Enhanced OCR Features

  • Vertical Chinese text detection: Automatically identifies top-to-bottom text with right-to-left reading order
  • Traditional character preservation: Maintains traditional Chinese characters without simplification
  • Layout preservation: Retains headers, footers, and multi-column layouts
  • Image extraction: Saves images from documents for reference
  • Citation metadata: Extracts author, title, year, and other bibliographic information when available

Features

Document Ingestion and Processing

Shutong ingests various document formats and processes them for academic research:

  • Convert documents (PDF, DOC, DOCX, PPT, PPTX, TXT) to LLM-ready formats (CSV, Markdown, JSONL)
  • Extract text from images using specialized OCR with layout preservation
  • Process traditional Chinese with correct reading order for vertical text (top-to-bottom, right-to-left)
  • Transcribe audio/video files
  • Maintain citation information (author, year, title, location, publisher, pages)

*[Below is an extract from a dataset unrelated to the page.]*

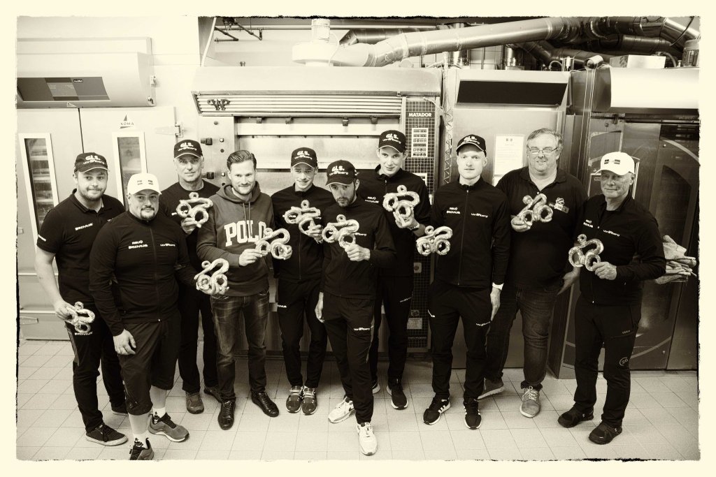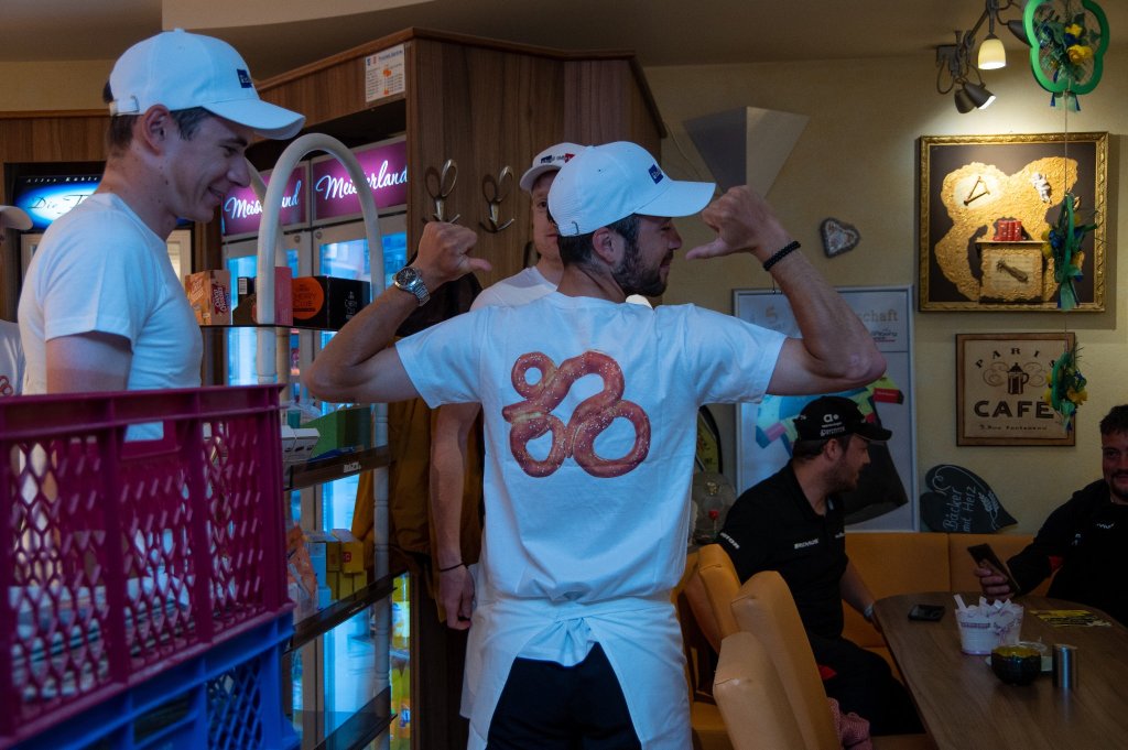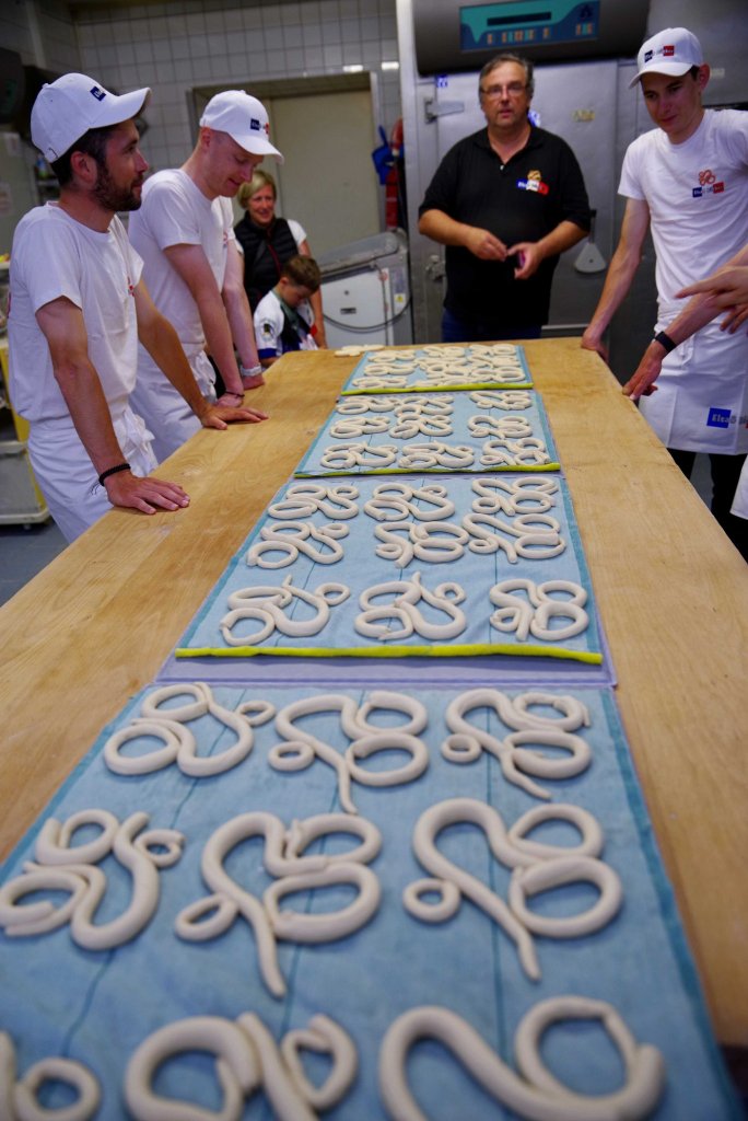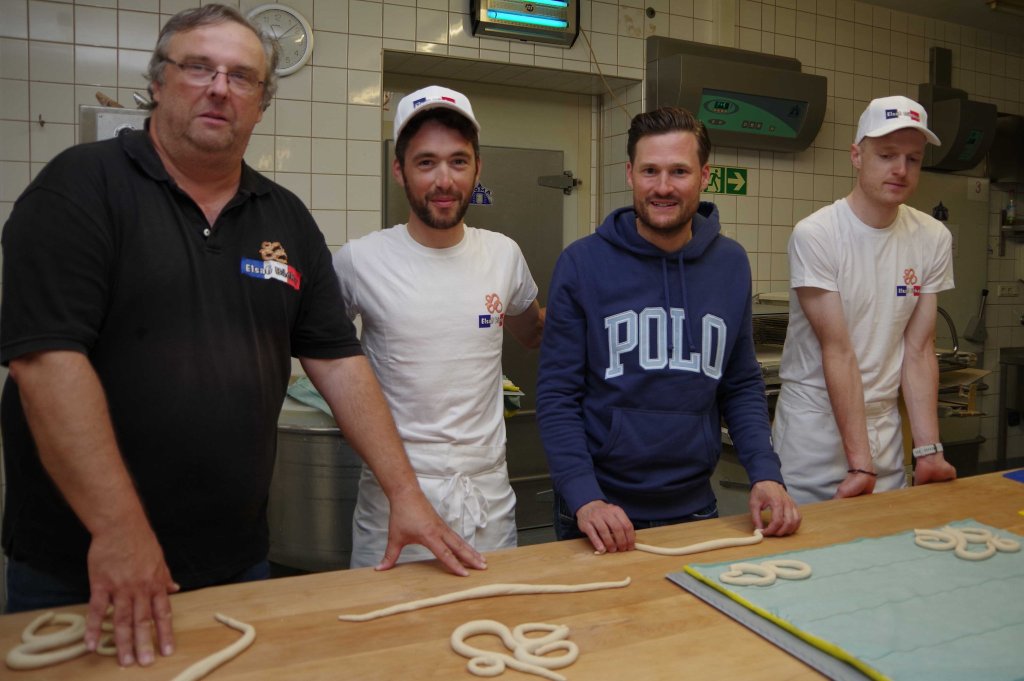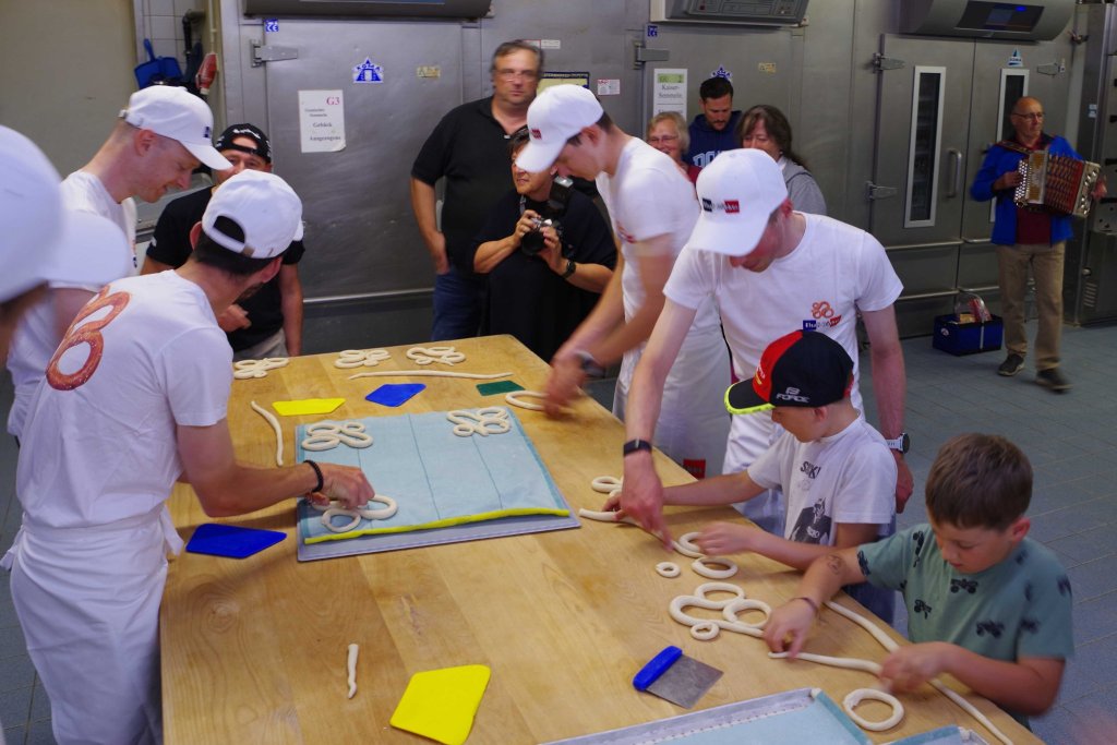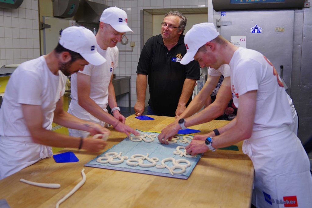 Der Schönberger Elsaß-Bäcker ist nicht nur ein leidenschaftlicher Fahrradsportfan und als solcher der Hauptinitiator und Organisator des „Schönberger Pfingstradrennens“, das 2022 am 05. Juni zum ersten Mal stattgefunden hat (Fotos und Berichte folgen); der „Bäcker mit Herz“ versteht es auch, die teilnehmenden Radprofis dahingehend zu motivieren, sich selbst einmal als Bäcker zu versuchen! Gemeinsam entstanden so in der Elsaß-Bäckerei in Schönberg die ORIGINALEN, von Toni Jung erfundenen Radl-Brezn, die prächtig gelangen und allen bestens geschmeckt haben.

Search and Retrieval Pipeline

After ingestion, Shutong offers powerful search capabilities:

  1. Keyword search: Find specific terms in your personal database with proper citations
  2. Q&A pipeline: Ask questions and receive answers backed by citations from the ingested data
  3. Vector search: Find semantically similar content using embeddings

Command Line Interface

Shutong provides a powerful command-line interface for document processing and search:

OCR Command

shutong ocr [FILES] --lang [auto|english|chinese] --vertical-chinese --output-dir [DIR] --save-format [md|txt]

Options:

  • --lang: Specify document language (auto, english, chinese)
  • --vertical-chinese: Enable specialized processing for traditional Chinese vertical text
  • --output-dir: Directory to save OCR results (default: output/)
  • --save-format: Format for saving results (md or txt)
  • --debug: Enable debug logging

Ingest Command

shutong ingest [TARGET] --ocr-engine [engine] --langs [languages] --citations-forms [format] --llm [model]

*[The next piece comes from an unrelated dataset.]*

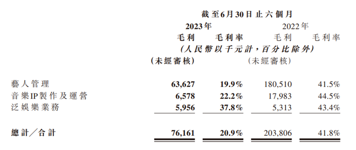 截至2023年6月30日的六个月,乐华娱乐实现收入3.65亿元,同比减少25.2%。主要是艺人管理和音乐IP制作及运营业务收入期内出现了明显下滑。上半年,艺人管理业务收入同比减少26.6%至3.19亿元,占比总营收87%,毛利同比减少65%至6363万元,毛利率仅有19.9%,与上年同期相比减少21.6个百分点。与此同时,音乐IP制作及运营收入同比也减少26.7%至2963.8万元。与上年同期相比,该板块业务毛利同比减少63%至657.8万元,毛利率同比减少了22.3个百分点。
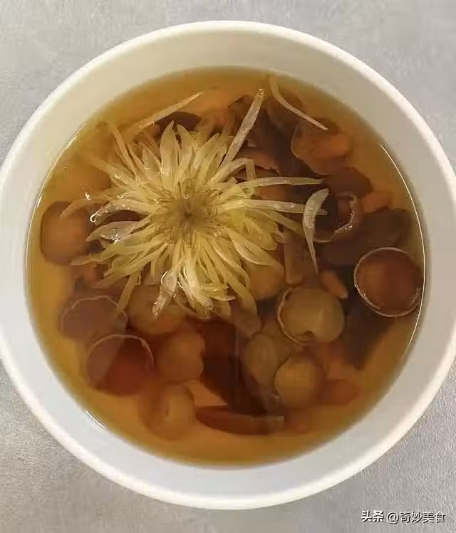 7粒帶殼干桂圓洗凈(殼、肉分開),4顆紅棗去核剪片,配上5g枸杞子、2朵菊花,

Where TARGET can be a folder or file (PDF, DOC, DOCX, PPT, PPTX, images, audio, video, URL)

The ingest process:

  1. Converts files to JSONL or Markdown format
  2. Creates OCR’d PDFs with filename-ocr.pdf in the target folder
  3. Indexes content into ~/.study/
  4. Embeds and tokenizes content for LLM processing
  5. Preserves headers and footers to maintain page numbers for citations

Search Command

shutong keywords [TERM] --lines [COUNT]

The search displays results with:

  • Citations (author, title, year, publisher or filename)
  • Page numbers containing the keyword
  • Context around the search term

Ask Command

shutong ask [QUESTION]

Similar to paperQA but works with all ingested file types, not just PDFs.